Furthermore, in an interferometer in which the beam entering the
interference measuring portion 13 and the beam emitted from the same are
directed in parallel and in reverse direction to each other, as shown in
FIGS. 1 and 3, it is possible without the addition of a new optical system
to make an elliptic section laser beam to be restored to a circular
section laser beam by arranging a beam expander 12 at the position where
both beams pass.
In a similar way, in place of the beam expander 12 positioned before the
interference measuring portion 13 in FIG. 1, a beam reforming optical
system comprising anamorphic prisms or cylindrical lenses, etc. can be
arranged between the interference measuring portion 13 and the movable
mirror 14, e.g., between the 1/4-wave plate 27M and the movable mirror 14.
In this case, the cross-sectional shape of the laser beam is elliptic
between the beam reforming optical system and the movable mirror 14.
Therefore, if it is assumed that the magnification in the direction of a
longer axis of the ellipse established by this beam reforming optical
system is .alpha., an amount of displacement of the laser beam caused by
the movable mirror 14 is reduced into 1/.alpha., when the elliptic section
beam is restored to the circular section beam after a reciprocal travel
through the beam reforming optical system. Therefore, in this case as
well, undesirable effects caused by the rotation of the movable mirror 14
about the X-axis, which may occur between the beam reforming optical
system and the movable mirror 14, can be reduced in the way similar to the
above-mentioned embodiment.
In the above-mentioned embodiment, asymmetric beam expanders 12, 21 are
used in order to obtain a laser beam with an asymmetric optical intensity
distribution in its cross-section. In place of this, however, a laser
light source in which the optical intensity distribution of the radiated
laser beam is asymmetric can be used.
FIG. 6 shows an embodiment of such an asymmetric laser light source. In
FIG. 6, a laser beam of linearly polarized light is irradiated from a
laser diode 40 on condition that a divergent angle of the beam is greater
in the Z-direction than that in the X-direction. Then, a laser beam M2
with an elliptic cross-sectional shape, a longer axis of which is in the
Z-direction, is obtained by converting the laser beam irradiated from the
laser diode 40 into a parallel luminous flux by using the collimator lens
41. Meanwhile, the laser beam M2 is the linearly polarized light polarized
in a shorter axis direction (X-direction), so that the linearly polarized
light of the laser beam M2 is further converted into circularly polarized
light when it passes through the 1/4-wave plate 43. Thereafter, when this
laser beam M2 enters the polarized beam splitter 26 in FIG. 3, e.g., an
interferometer of the homodyne interference method is achieved. In this
case, a laser beam with an elliptic cross-sectional shape can be obtained
without the need of another asymmetric beam expander, thereby enabling the
interferometer to be made smaller.
Now, the second embodiment of the present invention will be described with
reference to FIGS. 7, 8a and 8b. In FIGS. 7, 8a and 8b, parts
corresponding to FIGS. 1-3 are given the same reference numerals.

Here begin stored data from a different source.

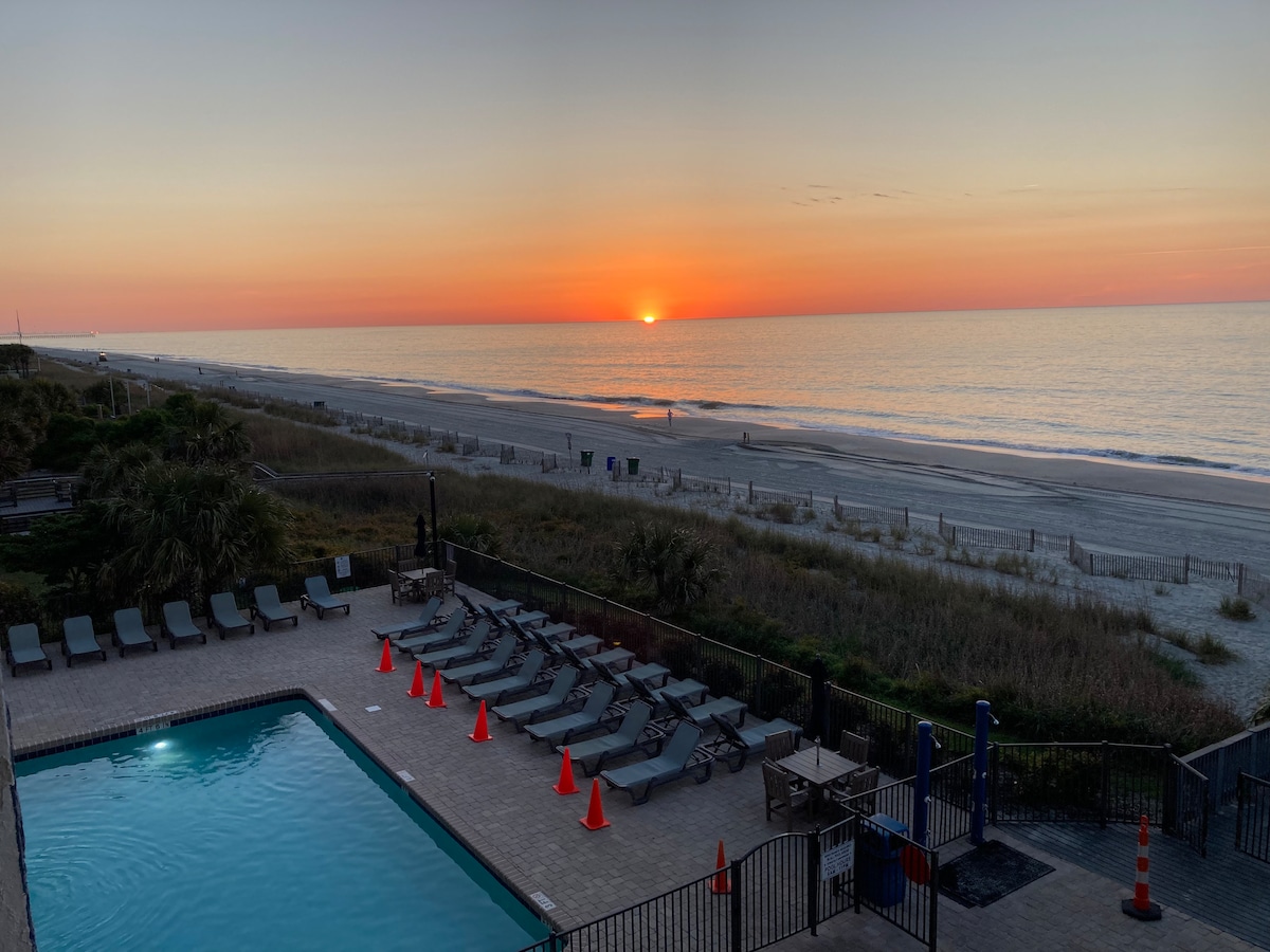 Beautiful King 1BR/1 bath DIRECT oceanfront condo. Lounge on your private balcony and watch the sunrise while sipping your morning coffee! 😊 Fireworks from the balcony every Wednesday evening during peak season! If you want a fabulous experience with your stay in Myrtle Beach, then please read my reviews and feel confident that you made the right choice. This is a direct oceanfront view, not a partial view! Minimum rental age-25. This 3rd floor oceanfront condo has all the comforts of home!
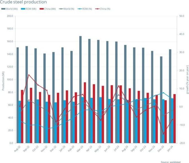 2024年1月全球71個納入世界鋼鐵協會統計國家的粗鋼產量為1.481億噸,同比下降1.6%。
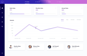 紫色简约时尚干净数据分析CRM系统客户端PSDWeb App
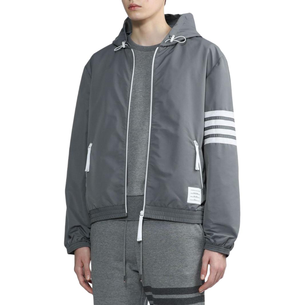 Куртка с капюшоном на молнии Ripstop Mesh 4 Bar THOM BROWNE, серая
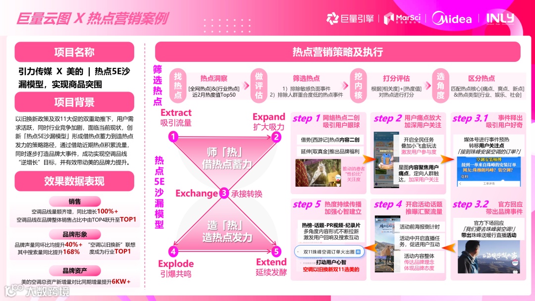 以旧换新政策及双11大促的双重助推下,用户需求被激发,同时面临行业竞争加剧的现状,品牌借助巨量云图洞察,创新「热点5E沙漏模型」形成借热点蓄力到造热点发力的策略路径;通过借势近期热点积累流量,同时逐步打造品牌大事件,成功实现空调品线“逆增长”目标,并有效带动美的品牌力提升。
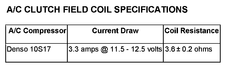 6. Refer to the A/C Clutch Field Coil Specifications chart for the acceptable A/C clutch coil resistance. Specifications apply for a work area temperature of 21° C (70° F).
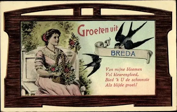 Passepartout Ak Breda Nordbrabant, Frau mit Blumenkorb, Schwalben
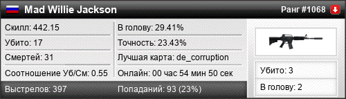 | de_terror | 6 | 0.46 | 0.34 | 1 | 16 | 00:17:33 | 31.12.2025 | |
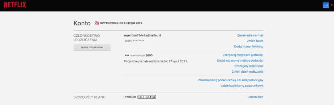 1. Nazwa przedmiotu: Konta Netflix z aktywną subskrypcją ULTRAHD (4 urządzenia) z możliwością odnowienia i dłuższej współpracy 2. Opis przedmiotu: Mam do zaoferowania Konta Netflix , które są OPŁACANE i odnawiane co miesiąc Konta są w pełni po polsku (pełna polska biblioteka oraz język). Po zakupie otrzymujesz login;hasło do konta, na którym jest aktywna subskrypcja Konta są prywatne, więc można zmienić hasło itp. Możliwość zakupu na dłużej niż miesiąc Wystarczy się tylko zalogować i od razu można korzystać 3. Źródło pozyskania: Odsprzedaż 4. Zdjęcia: Poniżej 5. Kontakt: Forum / Najlepiej Telegram @Bonifacy1 6. Cena: 1 miesiąc - 25zł 2 miesiące - 45zł 3 miesiące - 60zł Konta można przedłużać do woli, więc współpraca może trwać tak długo jak będę sprzedawał konta 7. Sposób zapłaty: Przelew (PL, LT, GB), Kryptowaluty, Zen Buddies, Kod Blik Konta oddałem do recenzji: Co jakiś czas oddaje za darmo konta na forum w tym temacie: https://make-cash.pl/oddam-za-darmo-różne-konta-netflix-hbo-spotify-itp-t43087/?page=5 PS. Tworze również inne platformy takie jak: Cda, Spotify, Ipla i wiele innych Proszę pytać, jeśli kogoś coś innego interesuje, postaram się pomóc- 17 odpowiedzi
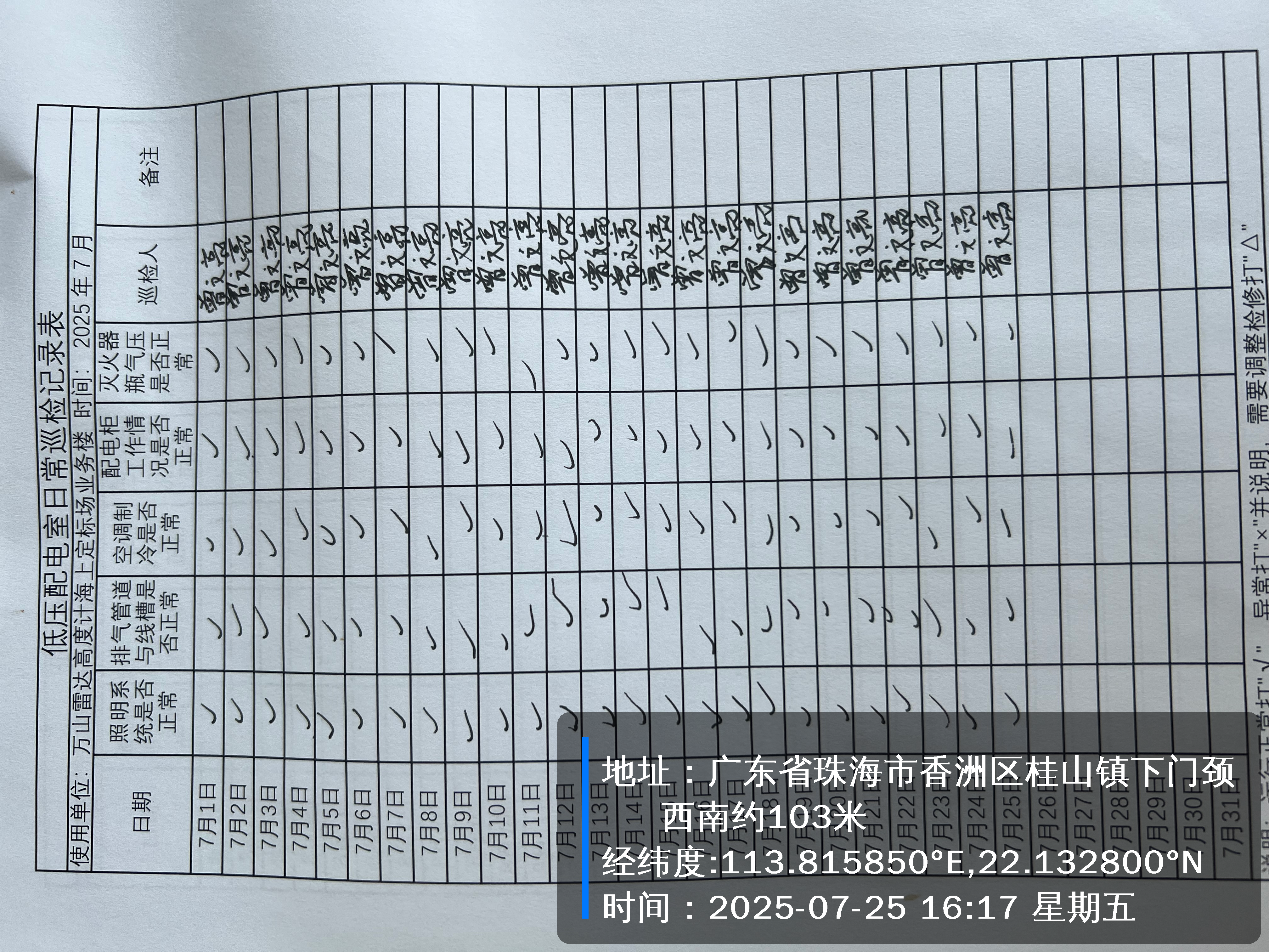 | 记录表-低压配电室日常巡检 | 原图 | 水印1 | 水印2 | 曾文亮 | 工作照 | 2025-09-25 15:45:58 |
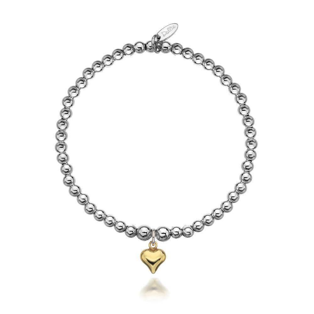 Dollie sterling silver beaded bracelet with a golden gold plated heart charm.
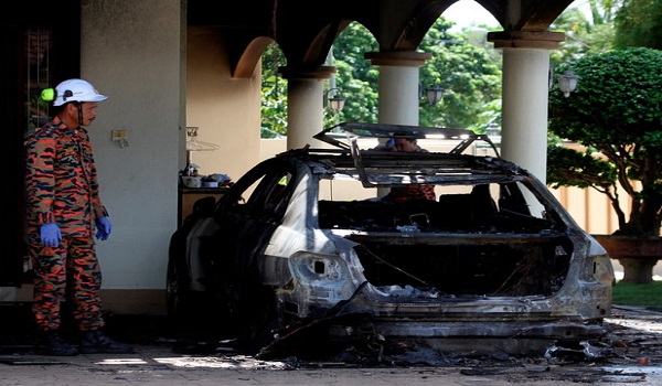 Dalam kejadian awal pagi 10 Jan lepas, rumah Ngeh dipercayai dilontar dengan molotov cocktail menyebabkan kebakaran yang memusnahkan sebuah kereta miliknya, manakala dua kenderaan lagi mengalami kerosakan.- BERNAMA
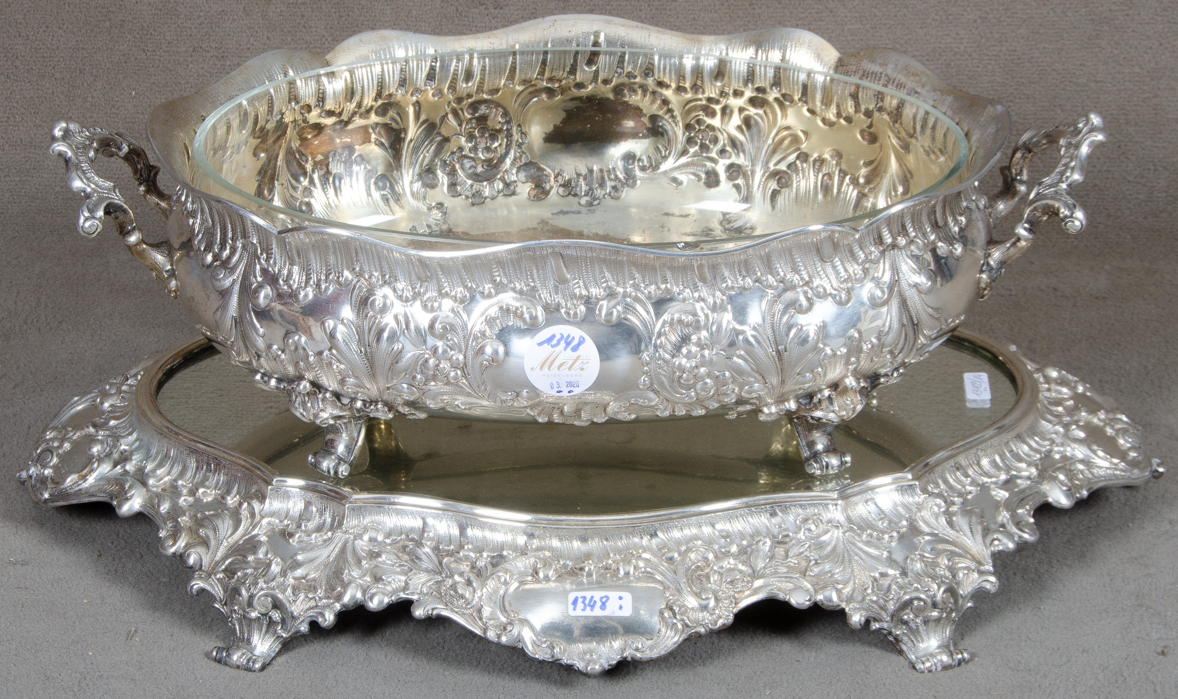 - Katalog-Nr: 1348Ovale Henkelschale mit verspiegelter Unterschale. Deutsch 20. Jh. Silber, ca. 1.138 g, mit rocailleziselierter Wandung, H=12 cm, B=44 cm, T=25 cm / H=5,5 cm, B=50 cm, T=35 cm.o.L.
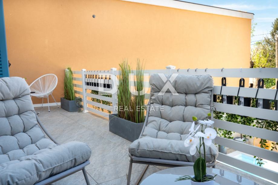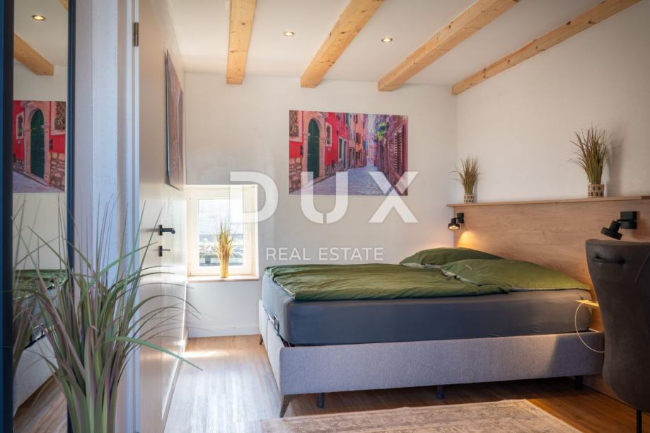 Nedaleko Poreča na prodaju je novoadaptirana kamena kuća površine 150 m2 s balkonom površine 20 m2. Kuća je raspoređena na tri etaže. U prizemlju se nalaze kupaonica i praonica za rublje, dnevni boravak s kuhinjom i blagovaonicom. Prizemlje je moderno namješteno i opremljeno, s podom od epoxy smole. Na katu se nalaze 2 spavaće sobe i kupaonica. Svaka soba ima izlaz na balkon s pogledom na bazen. Na 2. katu je galerija površine 40m2, s dva bračna kreveta.
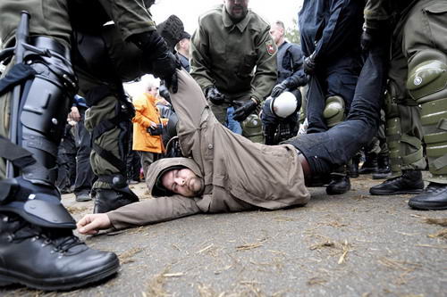 一位警方發(fā)言人稱,有1000多名反核示威者坐在位于小鎮(zhèn)戈萊本附近的存儲(chǔ)設(shè)施大門外,部署在那一地區(qū)的數(shù)千名防暴警察已將示威者逐個(gè)拖走。這些示威者是15000多名示威者中的一部分,示威者在上周末舉行了大規(guī)模的示威活動(dòng)以阻止核廢料抵達(dá)存儲(chǔ)設(shè)施。警方為了保證核廢料運(yùn)輸活動(dòng)的安全部署了16000名警員。
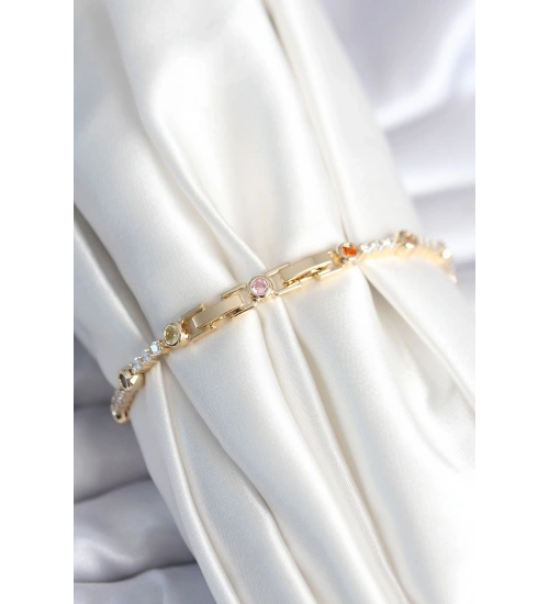 Pirinç Gold Renk Zirkon Taşlı Kadın Bileklik
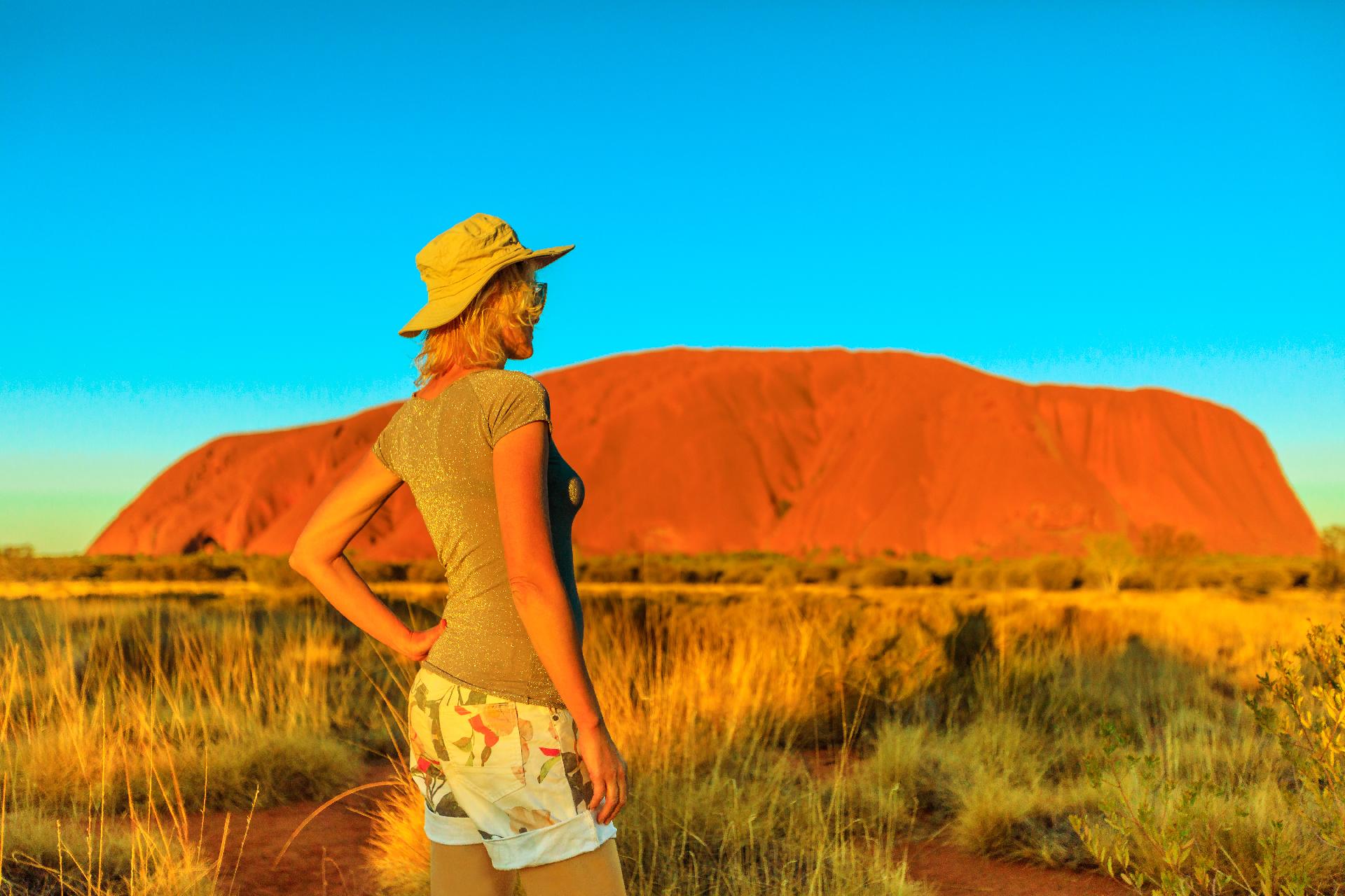 Možnost nevšedního prožitku, východu slunce v poušti s vyhlídkou na Ayers Rock (Uluru). Dopoledne okružní prohlídka tohoto největšího a nejslavnějšího monolitu světa. Odpoledne prohlídka skalních útvarů Olgas. Večer možnost večeře „za zvuků ticha pouště" – Sounds of Silence.
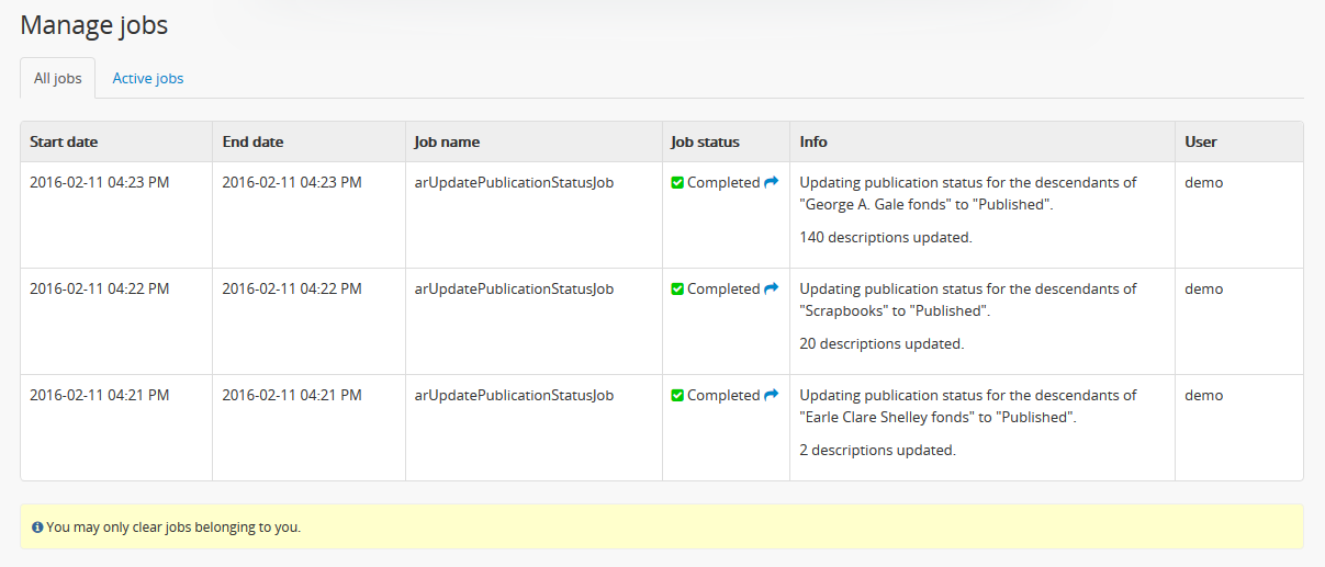 To avoid timeouts via the web browser for large publication status requests, updates to descendants are performed asynchronously in the background via AtoM’s job scheduler. For example, when a user publishes a draft fonds and selects the “Update descendants” checkbox as well (so all lower-level records in the fonds will be published as well), the fonds-level record will be immediately updated, while the job scheduler will begin the task of updating the descendants in the background. In this case, a notification will appear at the top of the archival description view page when the user is redirected to it after submitting the update request, with a link to the Jobs page, where more information about the status of the job can be seen. In most cases this will be very rapid, but for exceptionally large requests it is possible for a user to navigate to a descendant record (e.g. an item in the fonds) before the update job has been completed. If you’re unsure if your publication status update job has executed properly or not, be sure to check the jobs page. For more information on the Jobs page in AtoM, see: Manage jobs.

FIG. 7 shows a stage device of a laser interferometer according to the
second embodiment. In FIG. 7, a laser beam L with a circular
cross-sectional share irradiated from a laser light source 11 passes
through an asymmetric beam expander 12A as a laser beam N with an elliptic
cross-sectional shape, a longer axis of which is in the X-direction, and
thereafter enters an interference measuring portion 13 for Y-axis. A
measurement beam NM1 emitted from the interference measuring portion 13
enters in parallel to the Y-axis, an L-shaped movable mirror 14. The
measurement beam NM1 reflected by the movable mirror 14 returns to the
interference measuring portion 13. The measurement beam NM2 further
reflected by the interference measuring portion 13 enters, substantially
in parallel to the Y-axis, the movable mirror 14. Then, the measurement
beam NM2 reflected by the movable mirror 14 returns again to the
interference measuring portion 13. This measurement beam NM2 enters,
together with a reference beam NR2 generated in the portion 13, a receiver
19, as an interference light in the direction substantially parallel to
the Y-axis.
The movable mirror 14 is fixed onto a mount table 15. The mount table 15 is
mounted on an x-stage 17X via a rotary table 30 rotatable about an axis
parallel to the Z-axis. Furthermore, a laser beam from a laser light
source 20 for X-axis is expanded in the Y-direction by the beam expander
21A, and enters an interference measuring portion 22 for x-axis. The
measurement beam emitted from the interference measuring portion 22 is
directed to a reflecting surface of the movable mirror 14 substantially
perpendicular to the X-axis, and the measurement beam reflected by this
reflecting surface returns to the interference measuring portion 22. Then,
the measurement beam reflected by the interference measuring portion 22 is
directed again to the movable mirror 14.
The measurement beam reflected again by the movable mirror 14 is composited
with a reference beam inside the interference measuring portion 22, and
enters a receiver 23. The other constructions are the same as those in
FIG. 1.
In the above second embodiment, it is enough to take into consideration
only the rotational angle .theta..sub.z about an axis parallel to the
Z-axis in various rotational angles of the movable mirror 14, so that the
other rotational angles are negligible. That is, it can be assumed that
the measurement beams NM1 and NM2 emitted from the interference measuring
portion 13 and entering the movable mirror 14 are displaced only in the
X-direction by the rotation of the movable mirror 14. In a similar way, it
can be assumed that the measurement beam emitted from the interference
measuring portion 22 and entering the movable mirror 14 is displaced only
in the Y-direction by the rotation of the movable mirror 14.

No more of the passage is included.